* [Data extracts]:
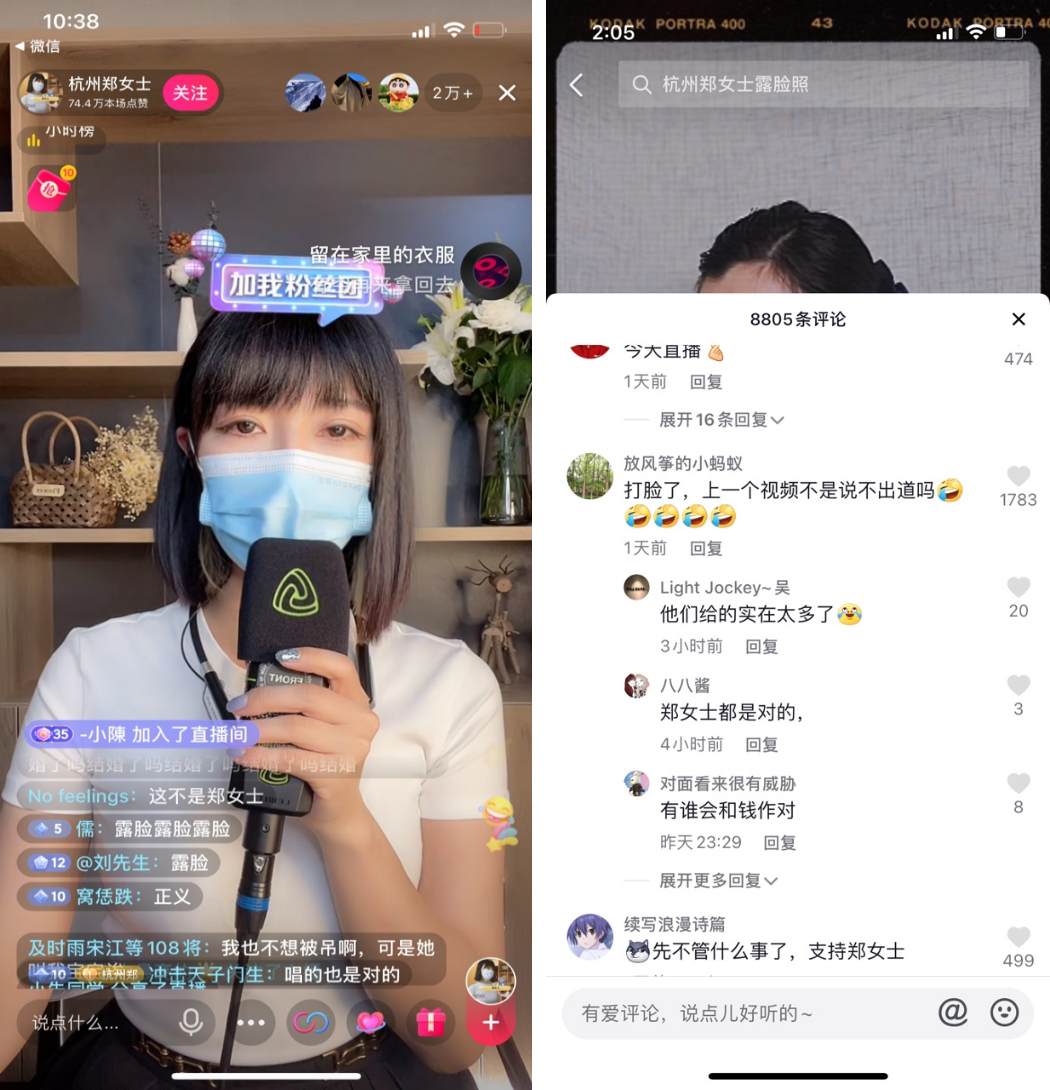 而郑女士脸上那只标志性的口罩,也无法保持神秘感。直播中,郑女士表示,自己获得100万粉丝之后,就会摘掉口罩。
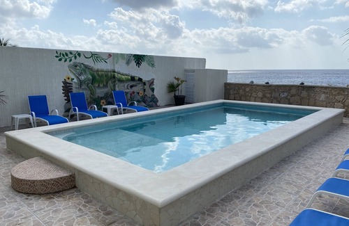 Spanning three levels, Las Iguanas features bedrooms and common areas on two levels, while the third boasts direct ocean access, an outdoor bar, a refreshing fresh-water shower, a spacious man-made beach, a pool, and mesmerizing ocean vistas. Surrounding the villa is a stunning coral reef, perfect for underwater exploration and snorkeling adventures.
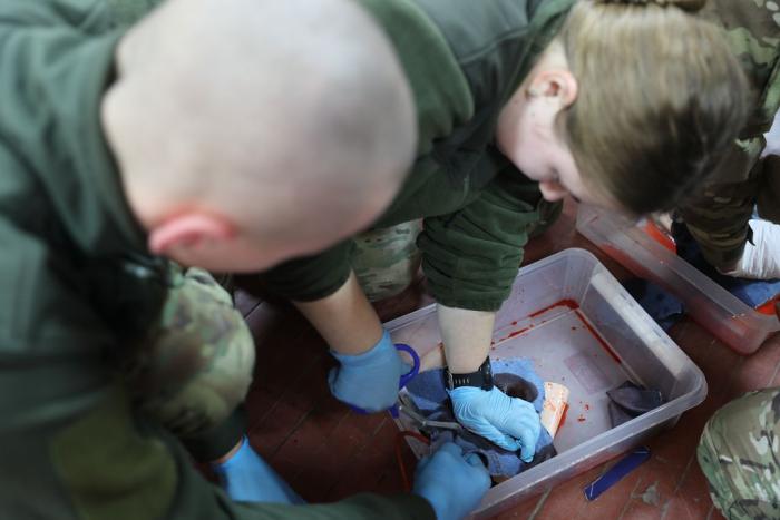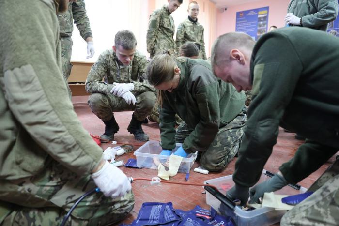 Курсанти вишу навчаються визначати шокові стани через втрату крові, розглядають алгоритм M.A.R.C.H., відпрацьовують вміння самостійно зупиняти масивну кровотечу (самодопомога) та виконувати рятувальні заходи у ролі рятівника (для пораненого). Вони також відпрацьовують навички забезпечення прохідності дихальних шляхів і вивчають ефективні методи порятунку у разі уламкових уражень, переломів, забоїв і опіків.
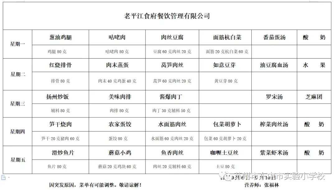 版权声明:我们致力于保护作者版权,注重分享,被刊用文章【学校菜谱名称大全图片(苏州21所学校一周食谱大曝光)】因无法核实真实出处,未能及时与作者取得联系,或有版权异议的,请联系管理员,我们会立即处理! 部分文章是来自自研大数据AI进行生成,内容摘自(百度百科,百度知道,头条百科,中国民法典,刑法,牛津词典,新华词典,汉语词典,国家院校,科普平台)等数据,内容仅供学习参考,不准确地方联系删除处理!;
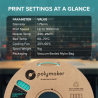 Conçu pour remplacer le PolyLite PETG, ce nouveau filament améliore la vitesse d'impression sans compromis sur la qualité. Il permet d’imprimer jusqu’à 300 mm/s (et jusqu’à 500 mm/s avec hotend high-flow) tout en conservant une grande stabilité dimensionnelle.

* [Work request]: Output the listing above in full and exactly, with pictures excluded.

* [Exercise response]:
 而郑女士脸上那只标志性的口罩,也无法保持神秘感。直播中,郑女士表示,自己获得100万粉丝之后,就会摘掉口罩。
 Spanning three levels, Las Iguanas features bedrooms and common areas on two levels, while the third boasts direct ocean access, an outdoor bar, a refreshing fresh-water shower, a spacious man-made beach, a pool, and mesmerizing ocean vistas. Surrounding the villa is a stunning coral reef, perfect for underwater exploration and snorkeling adventures.
 Курсанти вишу навчаються визначати шокові стани через втрату крові, розглядають алгоритм M.A.R.C.H., відпрацьовують вміння самостійно зупиняти масивну кровотечу (самодопомога) та виконувати рятувальні заходи у ролі рятівника (для пораненого). Вони також відпрацьовують навички забезпечення прохідності дихальних шляхів і вивчають ефективні методи порятунку у разі уламкових уражень, переломів, забоїв і опіків.
 版权声明:我们致力于保护作者版权,注重分享,被刊用文章【学校菜谱名称大全图片(苏州21所学校一周食谱大曝光)】因无法核实真实出处,未能及时与作者取得联系,或有版权异议的,请联系管理员,我们会立即处理! 部分文章是来自自研大数据AI进行生成,内容摘自(百度百科,百度知道,头条百科,中国民法典,刑法,牛津词典,新华词典,汉语词典,国家院校,科普平台)等数据,内容仅供学习参考,不准确地方联系删除处理!;
 Conçu pour remplacer le PolyLite PETG, ce nouveau filament améliore la vitesse d'impression sans compromis sur la qualité. Il permet d’imprimer jusqu’à 300 mm/s (et jusqu’à 500 mm/s avec hotend high-flow) tout en conservant une grande stabilité dimensionnelle.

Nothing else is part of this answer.